Write out the entries verbatim and leave the images out of the copy.

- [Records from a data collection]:
◇ ◇ ◇ ◇ ◇
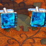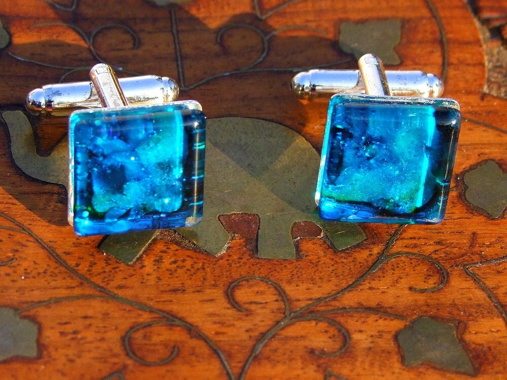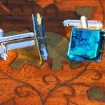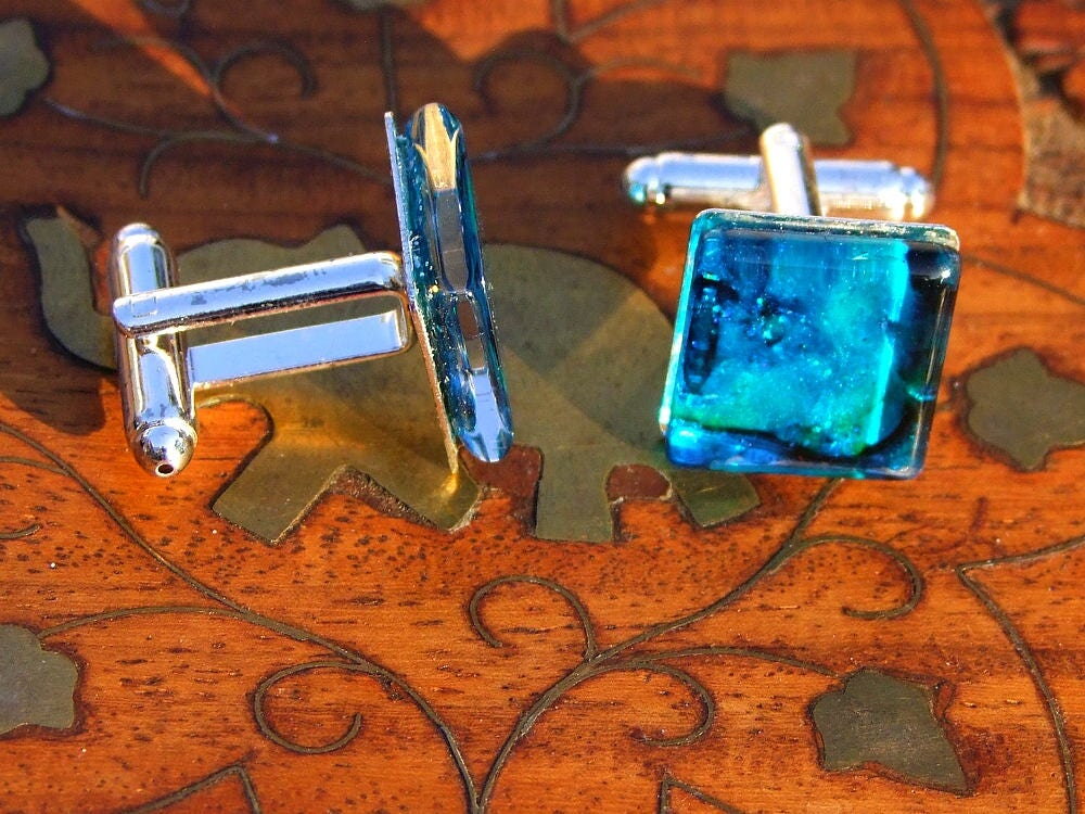 Boutons de manchettes Design Chic, Cabochons Carrés en Verre Coloration Artisanale Multicolore Baptisé Bleu Lagon Modèle Unique
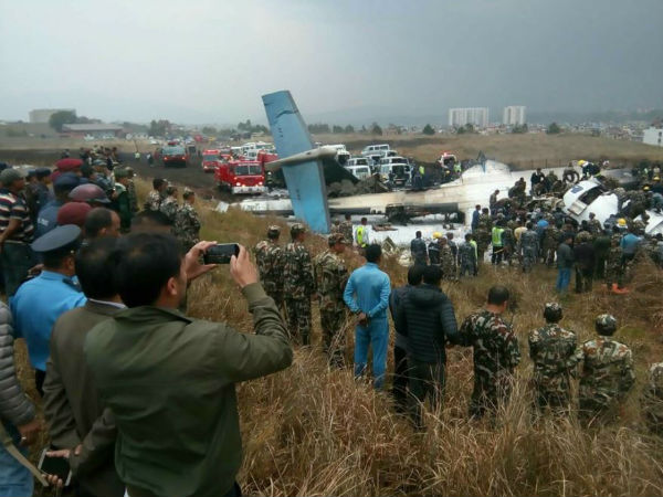 প্রত্যক্ষদর্শীদের দাবি, অবতরণের সময় প্লেনটি একটু কেঁপে ওঠে, এরপরই রানওয়ের কাছে একটি ফুটবল মাঠে গোত্তা খেয়ে মুখ থুবড়ে পড়ে যায়। ফুটবল মাঠে আছড়ে পড়ার সঙ্গেই সঙ্গেই বিমানে প্রবল জোরে বিস্ফোরণ হয়ে আগুন লেগে যায়। জানা গিয়েছে বিমানটি বাংলাদেশ এয়ারলাইন্সের। ঘটনাস্থলে উদ্ধারকাজে নেমেছে আপতকালীন বিপর্যয় মোকাবিলা বাহিনী। সেই সঙ্গে হাত লাগিয়েছে নেপাল আর্মি। আপাতত কাঠমাণ্ডু বিমানবন্দরে বিমানের ওঠা-নামা বন্ধ করা হয়েছে।
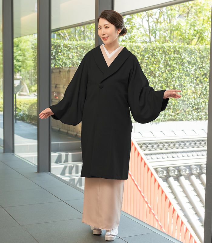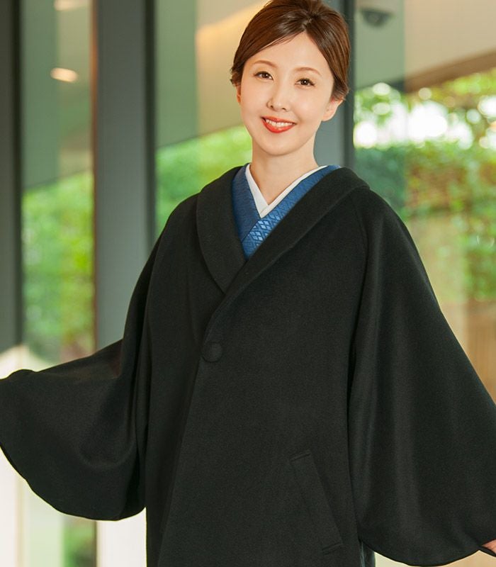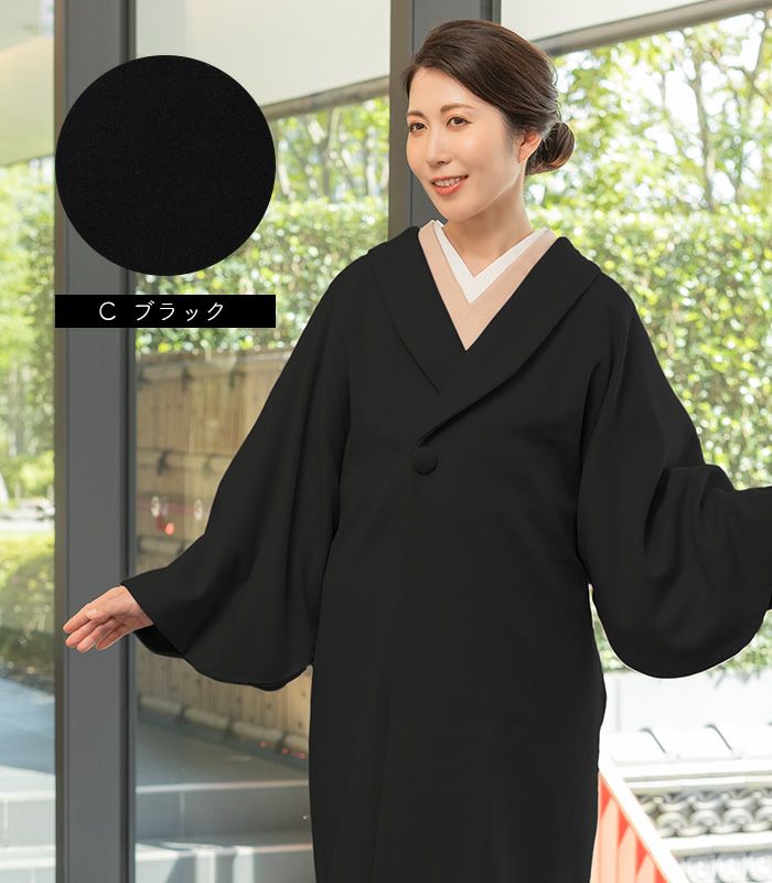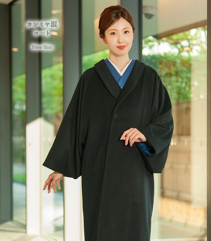 他の画像を見る (新品)カシミヤ混コート(カシミヤ30%)(ブラック) 都粋 通常価格 ¥ 107,800 のところ ¥ 74,800 税込 ウールコート コート 冬コート 着物 へちま衿 フリーサイズ シンプル 無地 あったか ポケット 黒 ブラック お気に入りに登録する
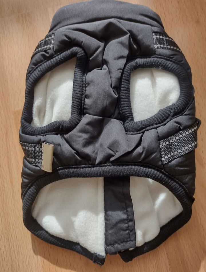 Length approx 13" chest 18" neck 12" It is water/shower proof and fleece lined. It also has an attached harness and top zip fastening
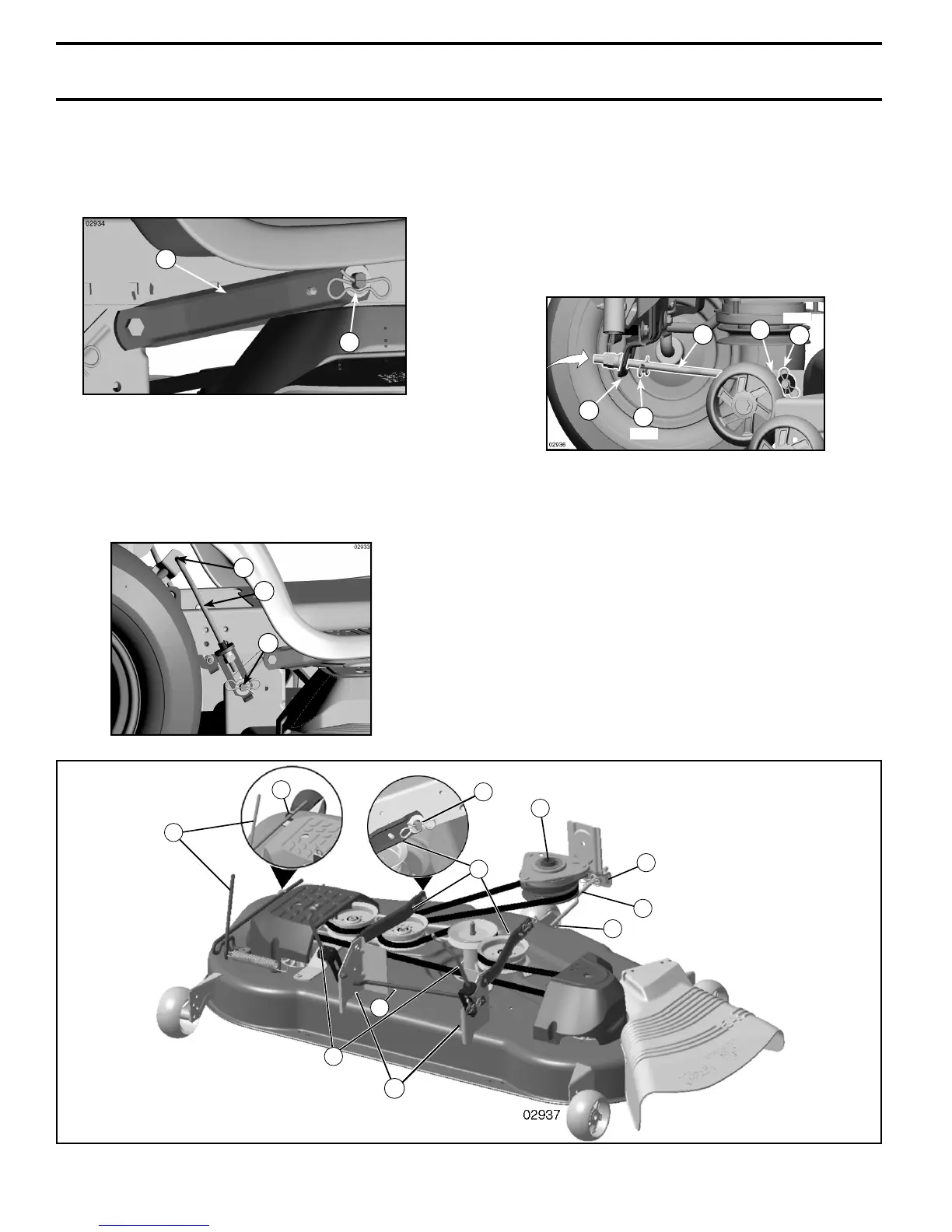 (L) and pivot link down to mower. Lift rear corner of
◇ ◇ ◇ ◇ ◇
- [Answer section]:
 Boutons de manchettes Design Chic, Cabochons Carrés en Verre Coloration Artisanale Multicolore Baptisé Bleu Lagon Modèle Unique
 প্রত্যক্ষদর্শীদের দাবি, অবতরণের সময় প্লেনটি একটু কেঁপে ওঠে, এরপরই রানওয়ের কাছে একটি ফুটবল মাঠে গোত্তা খেয়ে মুখ থুবড়ে পড়ে যায়। ফুটবল মাঠে আছড়ে পড়ার সঙ্গেই সঙ্গেই বিমানে প্রবল জোরে বিস্ফোরণ হয়ে আগুন লেগে যায়। জানা গিয়েছে বিমানটি বাংলাদেশ এয়ারলাইন্সের। ঘটনাস্থলে উদ্ধারকাজে নেমেছে আপতকালীন বিপর্যয় মোকাবিলা বাহিনী। সেই সঙ্গে হাত লাগিয়েছে নেপাল আর্মি। আপাতত কাঠমাণ্ডু বিমানবন্দরে বিমানের ওঠা-নামা বন্ধ করা হয়েছে।
 他の画像を見る (新品)カシミヤ混コート(カシミヤ30%)(ブラック) 都粋 通常価格 ¥ 107,800 のところ ¥ 74,800 税込 ウールコート コート 冬コート 着物 へちま衿 フリーサイズ シンプル 無地 あったか ポケット 黒 ブラック お気に入りに登録する
 Length approx 13" chest 18" neck 12" It is water/shower proof and fleece lined. It also has an attached harness and top zip fastening
 (L) and pivot link down to mower. Lift rear corner of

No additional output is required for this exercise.